Zara Stender, chair holder with the Color Marketing Group (CMG) professes the power in color to influence moods, emotions, hunger, aggression—and buying decisions. “Color increases brand recognition by up to 80 percent, and it can be up to 85 percent of the reason people decide to buy,” as Stender mentioned in the Global Shop Conference 2012.
Trade show exhibitors and designers use color to create a visually pleasing environment in their trade show displays, and color used purposefully communicates with customers and prospects. To build a welcoming trade show exhibit, Stender recommended avoiding high-contrast colors—such as yellow and black, which she calls “danger colors.” Complementary colors, help to balance the eye. However if you want to convey a message of subliminal concentrated focus use high contrast colors. Also important is to anchor the space in true neutral; which can be created by mixing the designs’ entire palette and adding white. “Color is not only useful in designing a space, but also in knowing your customer,” Stender said.

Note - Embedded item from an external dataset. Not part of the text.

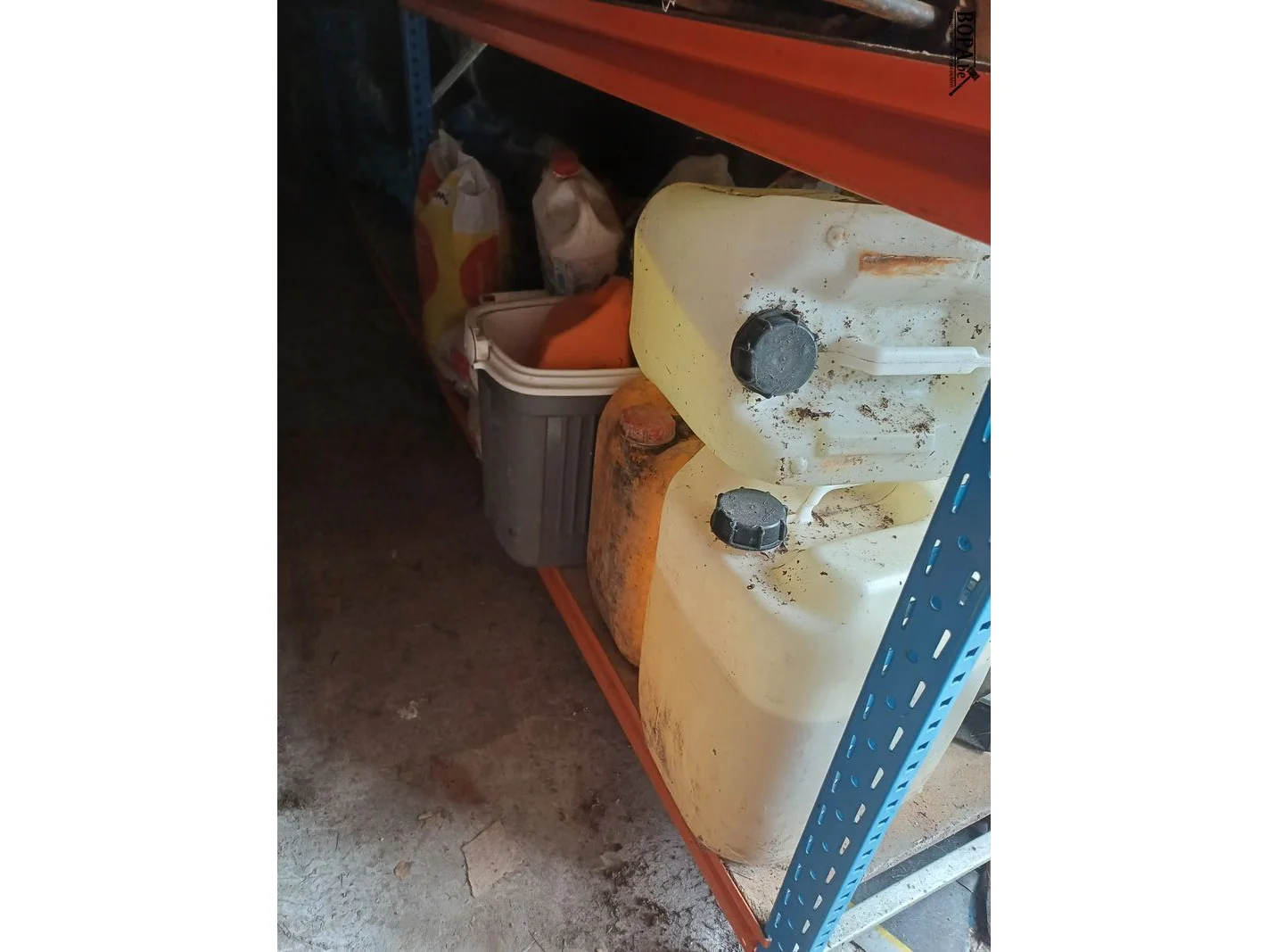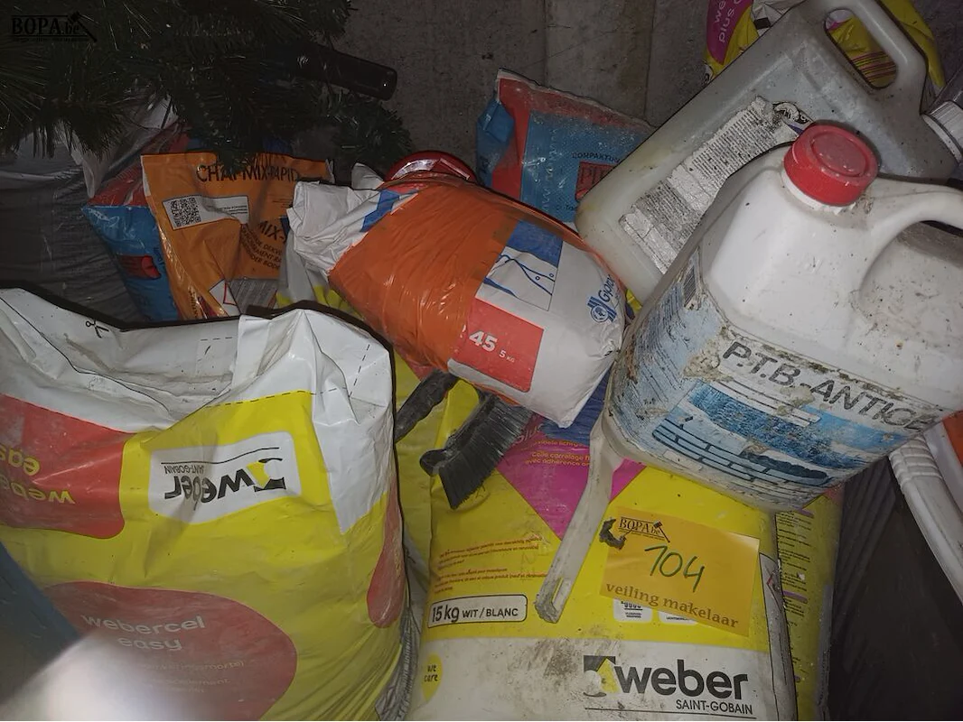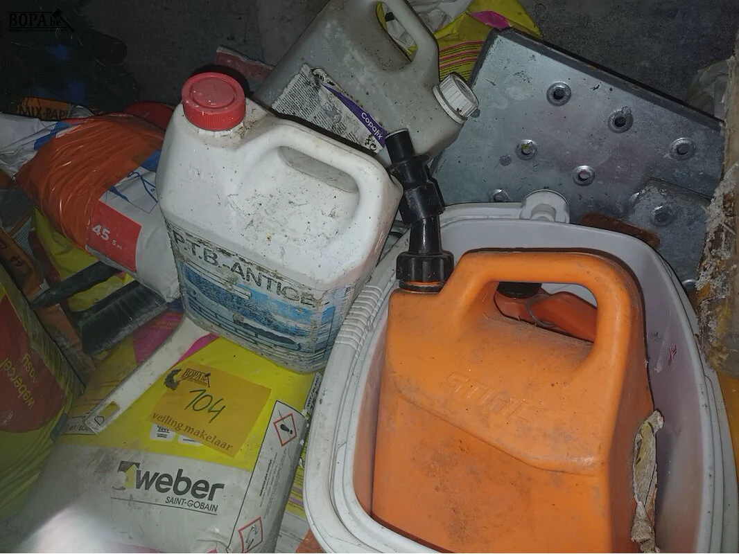 Diverse aangebroken liquide bidons en zakken bouwmaterialen

Interestingly, as Stender explains, color is correlated with socio-economic status, with more complex colors associated with higher economic status. For example, an orange sports car will be referred as “bronze” or “copper.” Alternatively, primary colors are often associated with affordability. (Think the subliminal message that IKEA portrays)
Of course, colors across cultures carry different meaning. For example the color purple signifies royalty and spirituality in the Greco-Roman culture of the West. However, purple is the color of mourning for widows in Thailand and in some parts of India.

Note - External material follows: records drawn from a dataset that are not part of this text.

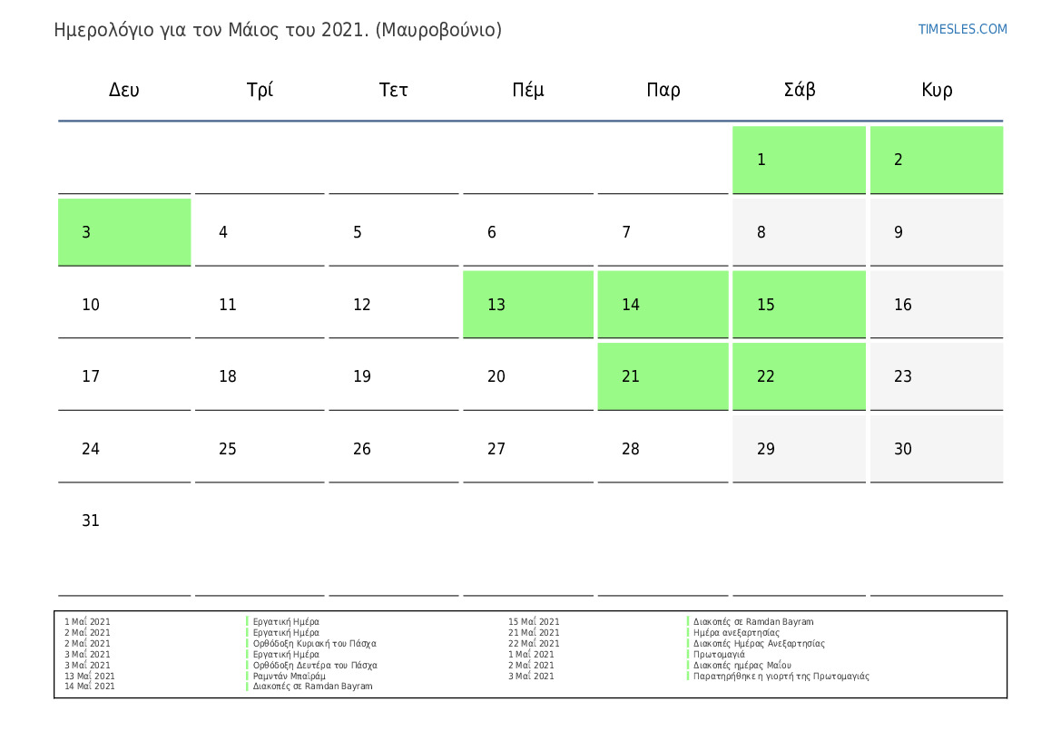 2 Μαΐ 2021 Διακοπές ημέρας Μαΐου
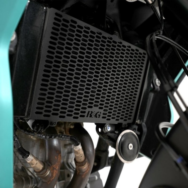 Das lasergeschnittene Design ist modern und ergänzt den Look jedes Motorrads. Dank der markanten, strukturierten, matten Pulverbeschichtung sind die R&G Pro Kühlerschutzgitter außerdem Korrosionsbeständig.
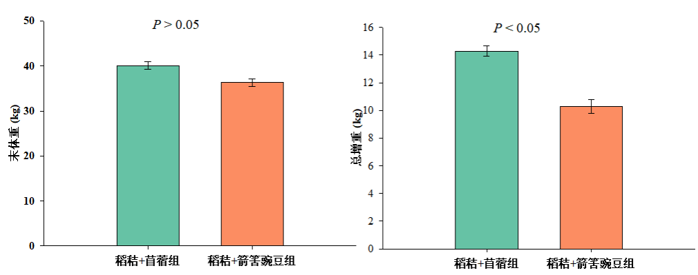 图3 饲喂水稻秸秆对绵羊末体重、总增重的影响
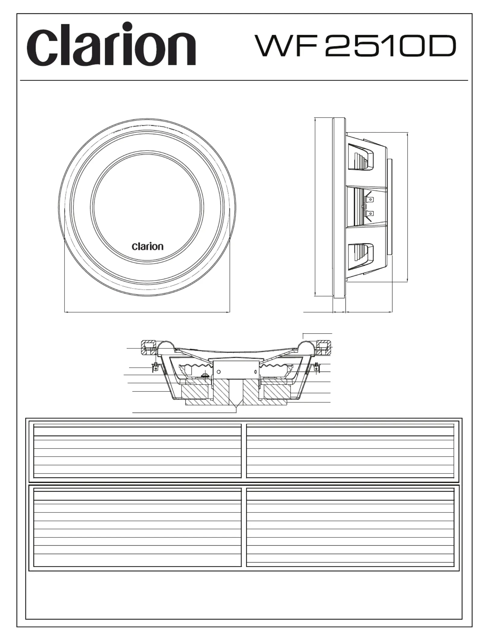 Læs gratis den danske manual til Clarion WF2510D (1 sider) i kategorien Højttaler. Denne vejledning er vurderet som hjælpsom af 52 personer og har en gennemsnitlig bedømmelse på 4.8 stjerner ud af 26.5 anmeldelser.
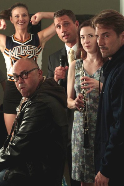 Meanwhile, Nick Cagle as a pompous, self-absorbed, opportunistic, TV reporter along with Glover and Gorell-Getz – portraying several roles in the comedy – rake-over-the coals the favorite whipping boys of the establishment: corporate greed, the government’s entrenched politicians, and those who support the alienation of the masses, etc. Fig on the other end of the spectrum explains to Eunice the clarity and the appeal, at least for him, of Brechtian themes and its philosophy. “ …People need to think for themselves, and not be led around by others,” he laments. The result being that neither side moves from their fixed positions (now that sounds familiar).
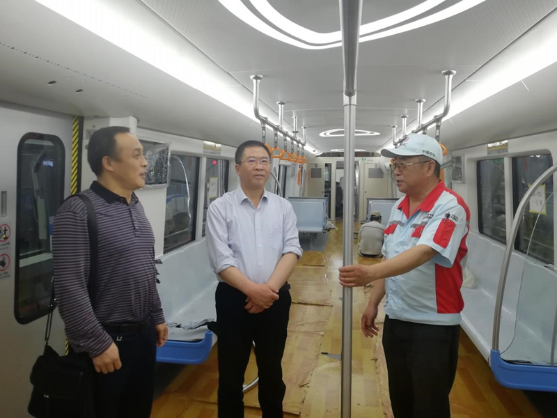交流会结束后,侯书记一行乘车抵达温州车辆项目所在的桐岭车辆基地进行实地考察。在停车库内,侯书记一行登上由我司监造的温州市域S1线电动客车,并就车辆的基本情况、配置情况及基本性能参数等进行了询问,项目负责人张海涛、监造组长姚嵩华就上述问题进行了解答。为进一步感受温州市域S1线车辆的运行情况,侯书记一行由桐岭站至惠民路站实地乘坐列车。乘坐期间,侯书记要求项目人员对市域S1线进行全面梳理总结,为后续市域铁路发展提供有力经验和技术储备。
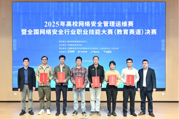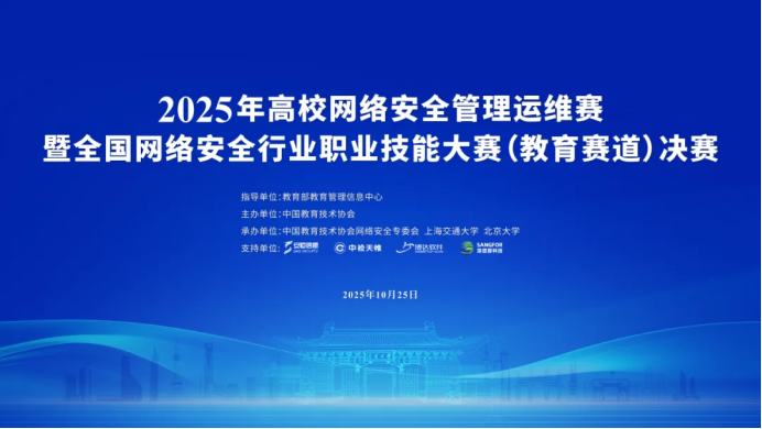 10月25日,由教育部教育管理信息中心指导、中国教育技术协会主办,中国教育技术协会网络安全专业委员会、上海交通大学、北京大学共同承办的“2025年高校网络安全管理运维赛暨全国网络安全行业职业技能大赛(教育赛道)决赛”在上海交通大学闵行校区顺利举行。作为大赛的重要支持单位,英国上市公司官网365积极参与赛事组织与保障工作,为大赛顺利开展提供了有力支持,并受邀参加颁奖仪式。

On an individual level, Stender explained that introverts tend to gravitate toward soft, muted palettes, while extroverts are happier in vibrant environments. Using color strategically, designers can create a balance that plays into both of these personalities in any environment. “The earmark of an extrovert is that they can’t focus,” Stender said. “When dealing with them on a sales floor, blues can help them to focus.” An introvert, on the other hand, might be inspired by just the right proportion of color richness.
Some color associations, according to Stender:
Red: Lust (has the power to alter time)
Purple: Spirituality (inspires loss of impulse control)

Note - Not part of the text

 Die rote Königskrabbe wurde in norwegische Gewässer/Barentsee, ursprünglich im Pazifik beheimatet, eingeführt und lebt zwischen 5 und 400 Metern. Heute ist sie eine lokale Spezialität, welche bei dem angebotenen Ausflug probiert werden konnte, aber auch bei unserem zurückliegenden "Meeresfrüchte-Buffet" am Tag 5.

Brown: Dependability (especially in business)
Blue and green: Focus and concentration
Burgundy and dark green: Tradition and authority
Red and purple: The “I’ll buy anything” color combination, according to Stender. “Red being lust—‘I wanna spend’—and purple being associated with loss of control.”
Ultimately, a buyer can be influenced by a number of things on the trade show floor. Put more control of how you are perceived in your own hands. When planning the design of your next trade show display, remember the powerful affect color can have on the mind of a buyer.